I've been fishing up high all fall, and it's been a tough bite. You definanetly have to work for your fish, but with the water finally getting decently low, they may start pooling up in the slow holes upthere now. I've *ALWAYS* had my best winter days on the Au Sab during really low water. I'll be around that area on Sunday, looking for chrome and lake-runs, good-luck.


----------



## walleyeman2006 (Sep 12, 2006)

fished all day from the damn back down stream about a mile hooked one fish saw 3 caught...third coming on a crank bait..if i decide to take another trip this year ill be trying more crank baits and and spinners and less bobbers and drift fishing.....i had tied enough spaw for 2 people and just about used it all up.....i did see one very nice fish caught near the damn it was around 12 lbs but came on waxies other two were not much over 15 inches


----------



## steelymike (Aug 10, 2005)

It was good meeting you walleyeman Sunday, and I hope you get into some fish in the future.


----------



## walleyeman2006 (Sep 12, 2006)

thanks i did end up losing one copying your technique with a bobber flipping to the white water

shortly after you left a couple guys showed up and one caught a 20 inch fish on a plastic bait lol


----------



## ausable_steelhead (Sep 30, 2002)

Bobber fishing the white-water can be red-hot during spring and fall.

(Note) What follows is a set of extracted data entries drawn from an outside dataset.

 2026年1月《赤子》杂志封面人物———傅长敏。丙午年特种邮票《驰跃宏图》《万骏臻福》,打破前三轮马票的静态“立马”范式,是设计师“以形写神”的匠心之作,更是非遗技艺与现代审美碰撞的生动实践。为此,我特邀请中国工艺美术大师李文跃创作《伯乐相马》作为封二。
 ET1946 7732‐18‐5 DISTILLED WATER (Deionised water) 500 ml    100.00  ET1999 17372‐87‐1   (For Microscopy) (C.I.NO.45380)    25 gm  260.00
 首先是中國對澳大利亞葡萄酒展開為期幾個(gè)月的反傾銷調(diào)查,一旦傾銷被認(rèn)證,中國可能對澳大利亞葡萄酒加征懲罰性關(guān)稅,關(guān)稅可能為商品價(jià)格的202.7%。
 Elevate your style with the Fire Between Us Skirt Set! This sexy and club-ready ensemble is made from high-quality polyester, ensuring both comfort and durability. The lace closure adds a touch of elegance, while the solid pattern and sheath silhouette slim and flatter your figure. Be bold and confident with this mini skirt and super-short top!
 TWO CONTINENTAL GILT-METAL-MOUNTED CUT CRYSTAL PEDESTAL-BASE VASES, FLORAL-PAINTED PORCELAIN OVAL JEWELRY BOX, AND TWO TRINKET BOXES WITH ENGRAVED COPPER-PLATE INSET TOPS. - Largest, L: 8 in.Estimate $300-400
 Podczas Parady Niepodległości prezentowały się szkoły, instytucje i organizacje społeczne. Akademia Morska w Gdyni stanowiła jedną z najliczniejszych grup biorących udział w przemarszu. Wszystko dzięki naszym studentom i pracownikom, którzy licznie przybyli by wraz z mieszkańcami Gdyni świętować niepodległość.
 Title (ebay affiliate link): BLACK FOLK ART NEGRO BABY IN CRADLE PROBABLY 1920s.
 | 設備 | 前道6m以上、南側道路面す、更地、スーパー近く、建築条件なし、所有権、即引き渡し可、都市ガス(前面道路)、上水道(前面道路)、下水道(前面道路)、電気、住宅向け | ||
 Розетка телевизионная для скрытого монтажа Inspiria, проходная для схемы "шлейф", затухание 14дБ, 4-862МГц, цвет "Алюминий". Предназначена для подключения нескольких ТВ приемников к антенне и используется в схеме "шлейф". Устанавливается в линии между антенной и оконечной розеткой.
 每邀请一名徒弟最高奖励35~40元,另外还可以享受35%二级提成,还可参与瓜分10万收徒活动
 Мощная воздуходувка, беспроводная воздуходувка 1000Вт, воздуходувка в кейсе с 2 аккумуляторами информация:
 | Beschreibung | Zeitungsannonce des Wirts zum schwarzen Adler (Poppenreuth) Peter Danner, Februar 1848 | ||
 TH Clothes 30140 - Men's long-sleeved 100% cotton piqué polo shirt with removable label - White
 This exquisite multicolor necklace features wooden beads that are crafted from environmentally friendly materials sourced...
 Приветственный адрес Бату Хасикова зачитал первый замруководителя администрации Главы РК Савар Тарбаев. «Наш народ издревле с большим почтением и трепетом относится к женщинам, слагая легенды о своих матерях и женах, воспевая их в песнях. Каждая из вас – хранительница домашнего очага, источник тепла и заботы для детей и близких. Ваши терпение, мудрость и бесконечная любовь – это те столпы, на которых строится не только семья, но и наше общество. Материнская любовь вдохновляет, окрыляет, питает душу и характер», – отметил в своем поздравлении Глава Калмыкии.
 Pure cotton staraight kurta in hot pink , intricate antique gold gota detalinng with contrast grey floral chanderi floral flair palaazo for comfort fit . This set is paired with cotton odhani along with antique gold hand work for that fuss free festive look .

In spring we run big bags, as the river is usually high. In fall, 4-egg bags. How deep you are is very critical in the white-water, too deep, you snag alot, too shallow, you won't hook nearly as many fish. Nobody fished the white-water with bobbers a few years ago, everybody had flyrods and would sit there and line the $h!t out of them all day. But now I see new people running bobbers in it every season, alot of times they don't catch much.


----------